When sending the data j to the OMN 24 of No. 1, when the XR 12 receives the data j from the OMX 11, it sends the data j to the NMS 2 using the line 4 corresponding to the router line IP address IPR 2 according to the routing table TX.
Upon receiving the data j, the NR 23 transmits the data j to the destination WSIP address IPN via E22. IPM2
5 passes the received data j to the OMN 24.

As described above, in this embodiment, the virtual router XR12 is provided in the SWE1 and is directly connected to the router NR23 on the NMS2 side by the two lines 3 and 4, so that when one line fails, the other line is used as a bypass route. Data can be sent and received.

[0024]

As described above, according to the present invention, a virtual router is provided in the exchange and is directly connected to the router in the network management system by a plurality of lines, so that when one line fails, another line bypasses the other line. The effect that the data can be transmitted and received between the network management system and the exchange by setting the setting to.

Further, since the detour route is set at the router level, there is an effect that the upper application does not need to be aware of the line state.

[Brief description of drawings]

FIG. 1 is a diagram for explaining an operation in a virtual router control system of the present invention, (a) is a block diagram of a switching system, and (b) is a routing table T in FIG. 1 (a).
It is a figure which shows the content example of N, TX.
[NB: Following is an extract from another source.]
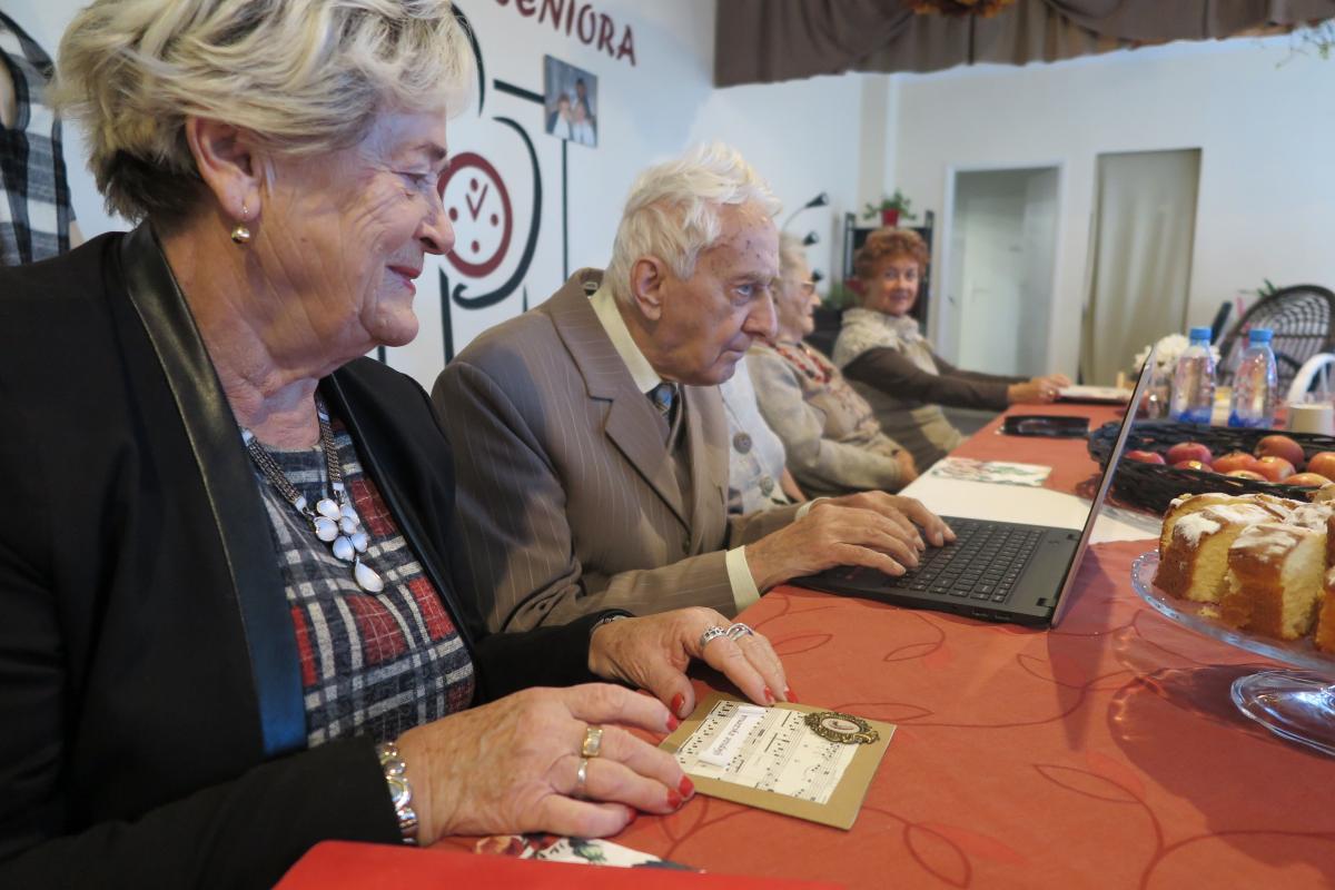 Seniorzy z Fundacji Mój Czas dla Seniora z zaciekawieniem nad laptopem[/caption]Internet jest fajny …

2A and 2B are diagrams for explaining the operation in the virtual router control method of the present invention, in which FIG. 2A is a block diagram of a switching system, and FIG. 2B is a routing table T in FIG.
It is a figure which shows the content example of N, TX.

3A and 3B are diagrams for explaining the operation of the virtual router control method of the present invention, in which FIG. 3A is a block diagram of a switching system, and FIG. 3B is a routing table T in FIG.
It is a figure which shows the content example of N, TX.
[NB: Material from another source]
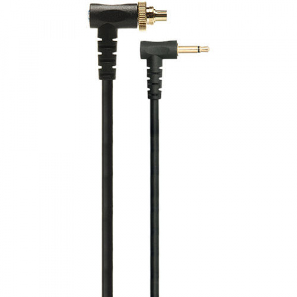 Câble synchro court noir prise PC (boîtier photo, prise synchro flash cobra, etc) vers mono Jack Ø3,5 mm (Pocket Wizard, flash studio, etc).

4A and 4B are diagrams for explaining the operation in the virtual router control method of the present invention, in which FIG. 4A is a block diagram of a switching system, and FIG. 4B is a routing table T in FIG. 4A.
It is a figure which shows the content example of N, TX.
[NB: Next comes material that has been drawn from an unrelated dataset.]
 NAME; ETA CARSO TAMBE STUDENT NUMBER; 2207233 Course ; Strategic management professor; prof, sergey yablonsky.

5A and 5B are diagrams for explaining the operation in the virtual router control method of the present invention, in which FIG. 5A is a block diagram of a switching system, and FIG. 5B is a routing table T in FIG. 5A.
It is a figure which shows the content example of N, TX.

[Explanation of symbols]

1 Switch (SWE) 2 Network Management System (NMS) 3, 4 Lines 11, 24 Maintenance and Operation Department (OMX, OMN) 12 Virtual Router (XR) 21 Workstation (WS) 22 Ethernet (E) 23 Router (NR) 25 IP protocol control unit (IPM) IPN WSIP address IPR NMS router IP address IPR1, IPR2, IPX1, IPX2 router line IP address IPX OMX IP address TN, TX Routing table a, c, e, g Health check signal b, d, f, h Response signal i Data from NMS to SWE j Data from SWE to NMS

Claims (2)

[Claims] 1. A switching system comprising a router included in a network management system and a switch connected to a plurality of lines by a TCP / IP protocol, wherein the switch is provided with an IP address corresponding to the switch and a line corresponding to the switch. An IP address for the router is assigned to each of the
A virtual router control method, wherein a signal destined for an address can be received from any of the lines corresponding to the router IP address. 2. The exchange comprises a virtual router for detecting a faulty line between the router and the router IP address by a router protocol, and the faulty line is transmitted when the switch sends a signal to the network management system. The virtual router control method according to claim 1, wherein the lines other than the above lines are used.